[Stored items]
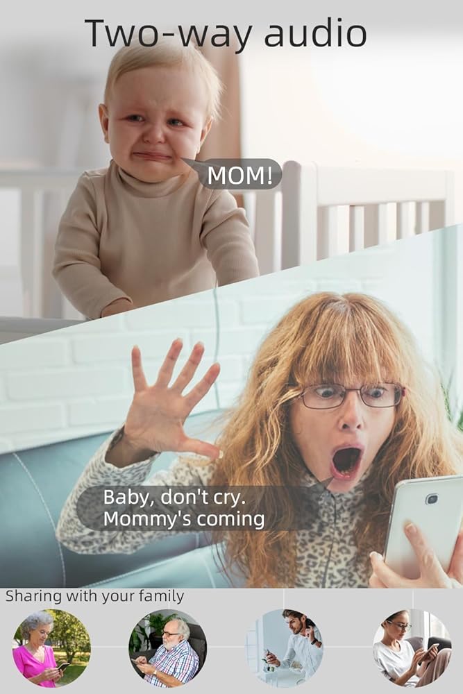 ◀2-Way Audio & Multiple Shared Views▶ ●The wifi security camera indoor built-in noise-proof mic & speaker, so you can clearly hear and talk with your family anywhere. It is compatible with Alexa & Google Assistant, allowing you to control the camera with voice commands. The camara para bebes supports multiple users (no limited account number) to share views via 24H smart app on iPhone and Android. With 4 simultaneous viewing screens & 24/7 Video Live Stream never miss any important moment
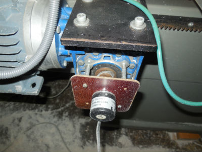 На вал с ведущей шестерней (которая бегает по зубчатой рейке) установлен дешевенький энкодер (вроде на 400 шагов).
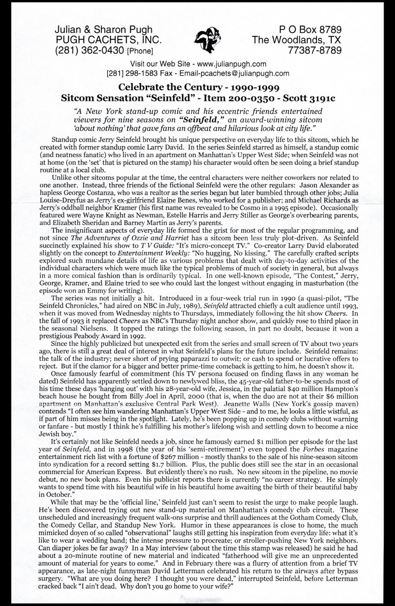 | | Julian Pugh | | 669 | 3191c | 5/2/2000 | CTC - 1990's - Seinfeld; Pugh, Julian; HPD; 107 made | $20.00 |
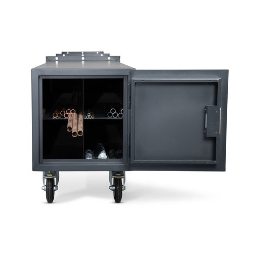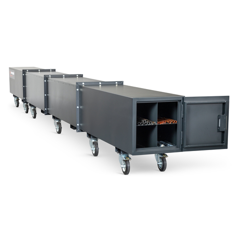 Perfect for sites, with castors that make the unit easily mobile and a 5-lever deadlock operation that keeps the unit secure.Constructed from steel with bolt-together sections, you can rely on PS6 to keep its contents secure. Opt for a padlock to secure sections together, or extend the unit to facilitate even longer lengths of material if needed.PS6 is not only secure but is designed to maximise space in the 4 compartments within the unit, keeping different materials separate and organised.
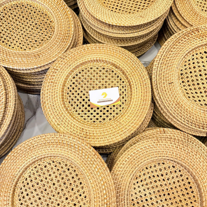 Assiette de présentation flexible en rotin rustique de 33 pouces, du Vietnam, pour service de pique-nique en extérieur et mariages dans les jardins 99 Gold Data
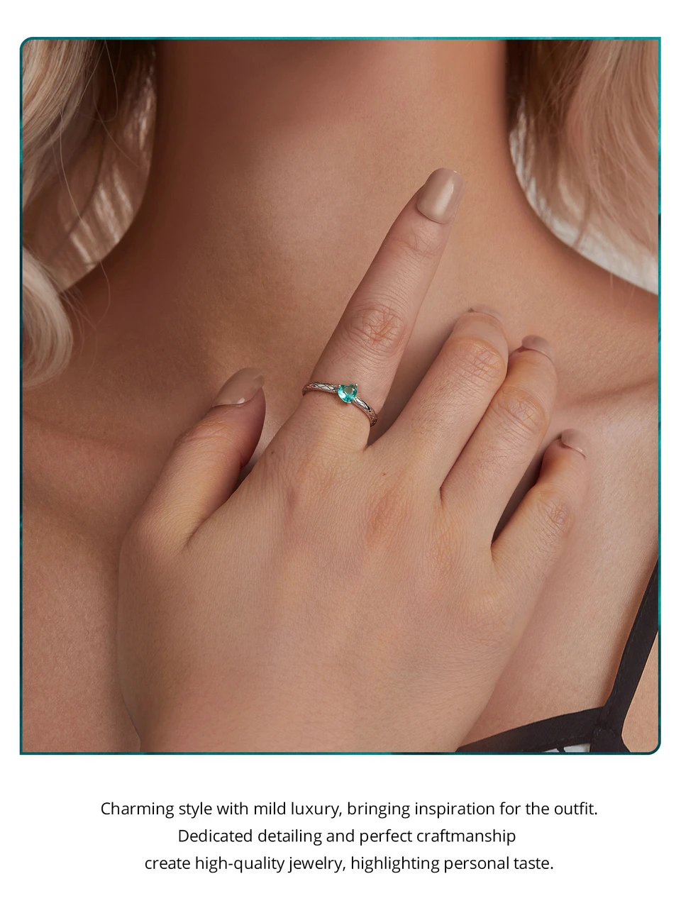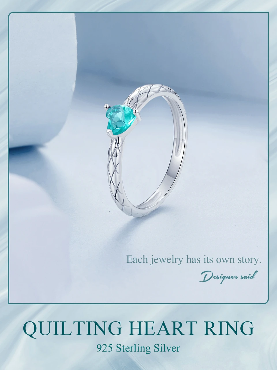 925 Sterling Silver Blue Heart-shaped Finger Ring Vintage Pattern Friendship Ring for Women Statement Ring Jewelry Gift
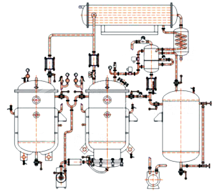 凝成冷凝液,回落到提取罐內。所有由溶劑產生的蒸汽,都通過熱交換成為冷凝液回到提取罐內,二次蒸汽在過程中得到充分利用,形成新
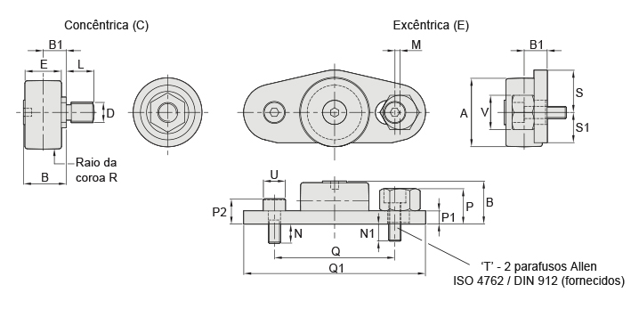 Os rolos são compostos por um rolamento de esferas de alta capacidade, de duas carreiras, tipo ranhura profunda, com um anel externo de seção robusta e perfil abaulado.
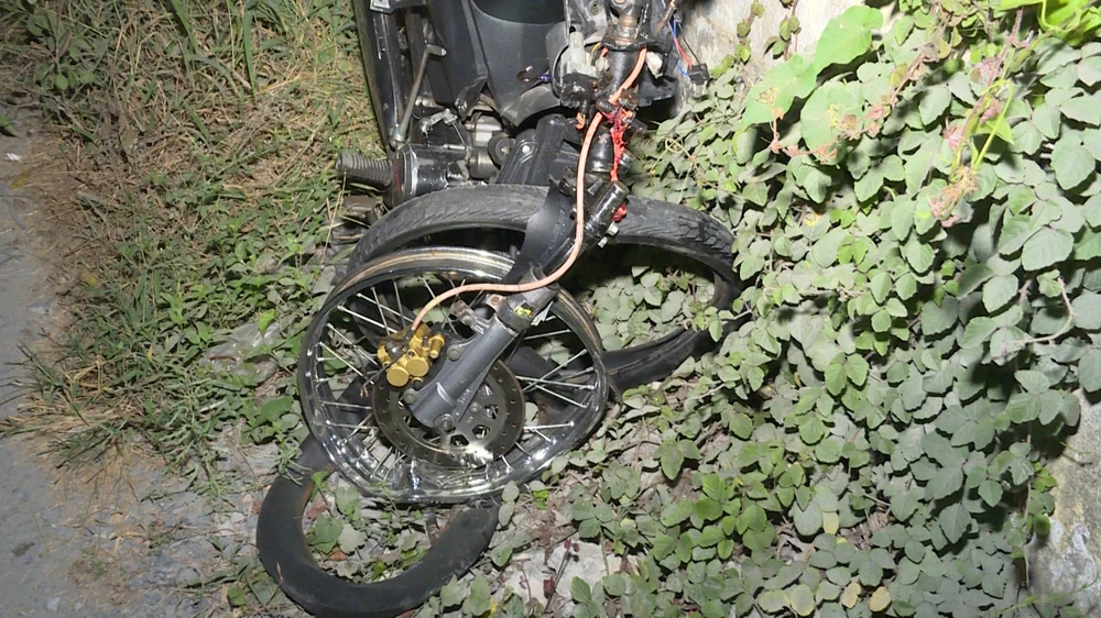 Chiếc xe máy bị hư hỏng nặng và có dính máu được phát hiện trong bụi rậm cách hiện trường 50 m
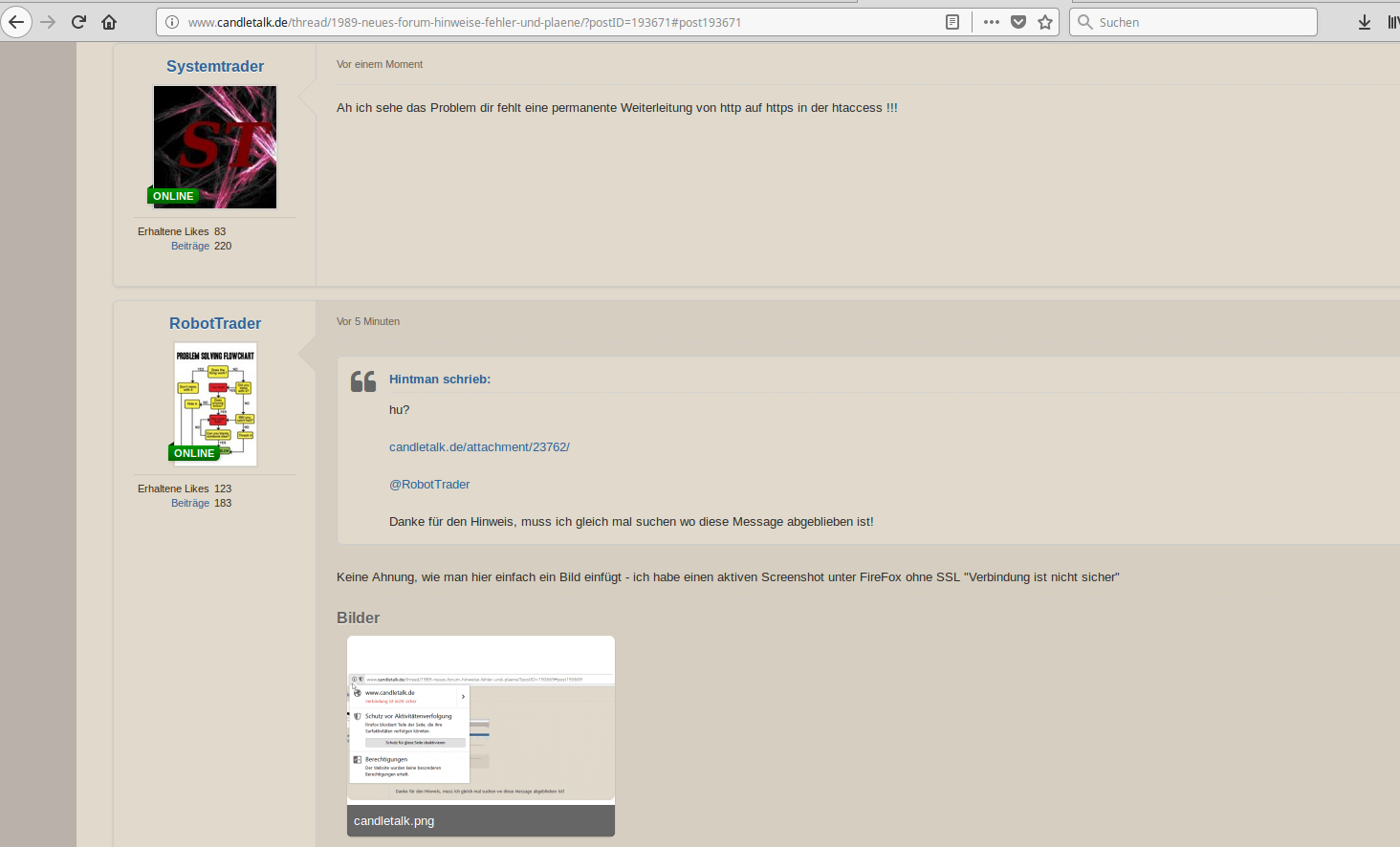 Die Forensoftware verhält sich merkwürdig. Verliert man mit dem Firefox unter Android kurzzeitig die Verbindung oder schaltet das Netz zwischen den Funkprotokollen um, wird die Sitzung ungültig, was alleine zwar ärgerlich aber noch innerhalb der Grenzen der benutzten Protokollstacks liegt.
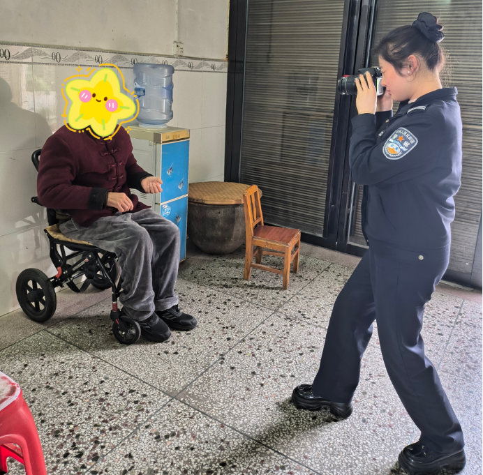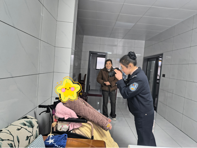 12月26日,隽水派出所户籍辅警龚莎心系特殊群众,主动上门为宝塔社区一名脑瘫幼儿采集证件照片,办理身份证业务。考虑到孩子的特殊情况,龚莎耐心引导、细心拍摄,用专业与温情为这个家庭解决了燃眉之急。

• **What the task asks**
Repeat only the stretch of data above that runs from the line with "Os rolos são" to the line with "Chiếc xe máy". Keep both end lines; exclude pictures.

• **Your solution**
 Os rolos são compostos por um rolamento de esferas de alta capacidade, de duas carreiras, tipo ranhura profunda, com um anel externo de seção robusta e perfil abaulado.
 Chiếc xe máy bị hư hỏng nặng và có dính máu được phát hiện trong bụi rậm cách hiện trường 50 m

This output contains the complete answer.